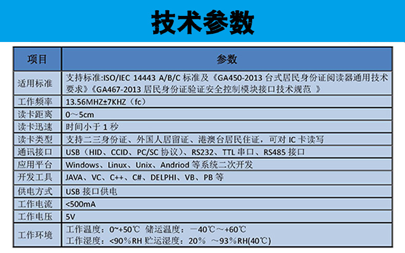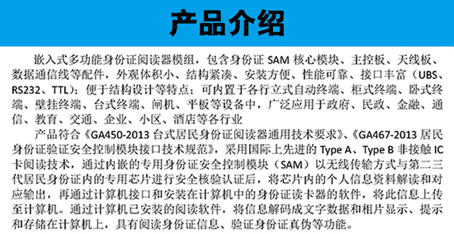 支持標準:ISO/IEC 14443 A/B/C標準及《GA450-2013臺式居民身份證閱讀器通用技術(shù)要求》《GA467-2013居民身份證驗證安全控制模塊接口技術(shù)規(guī)范 》
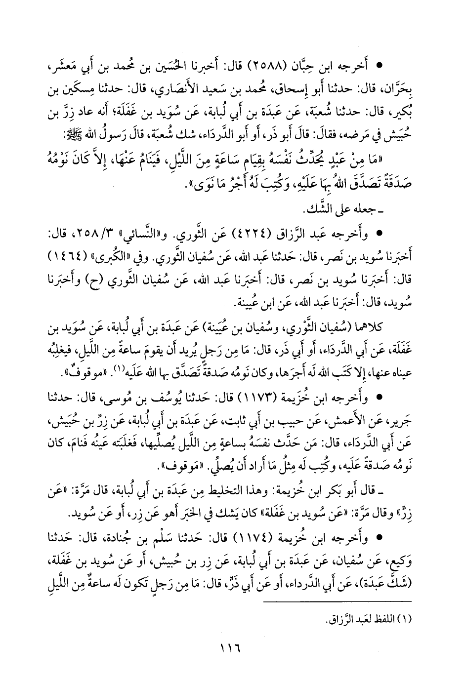 كلاهما (سفيان الثوري، وسفيان بن عُيينة) عن عبدة بن أبي لبابة، عن سويد بن غفلة، عن أبي الدرداء، أو أبي ذر، قال: ما من رجل يريد أن يقوم ساعة من الليل، فيغلبه عيناه عنها، إلا كتب الله له أجرها، وكان نومه صدقة تصدق بها الله عليه (¬١). «موقوف».
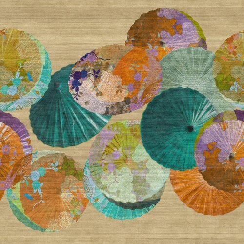 Fotobehang Janome heeft een dessin van gekleurde parasolletjes, op een matte getextureerde ondergrond.

PROMPT:
Repeat the material verbatim. Do not carry over any picture.

RESPONSE FOR THIS EXERCISE:
 支持標準:ISO/IEC 14443 A/B/C標準及《GA450-2013臺式居民身份證閱讀器通用技術(shù)要求》《GA467-2013居民身份證驗證安全控制模塊接口技術(shù)規(guī)范 》
 كلاهما (سفيان الثوري، وسفيان بن عُيينة) عن عبدة بن أبي لبابة، عن سويد بن غفلة، عن أبي الدرداء، أو أبي ذر، قال: ما من رجل يريد أن يقوم ساعة من الليل، فيغلبه عيناه عنها، إلا كتب الله له أجرها، وكان نومه صدقة تصدق بها الله عليه (¬١). «موقوف».
 Fotobehang Janome heeft een dessin van gekleurde parasolletjes, op een matte getextureerde ondergrond.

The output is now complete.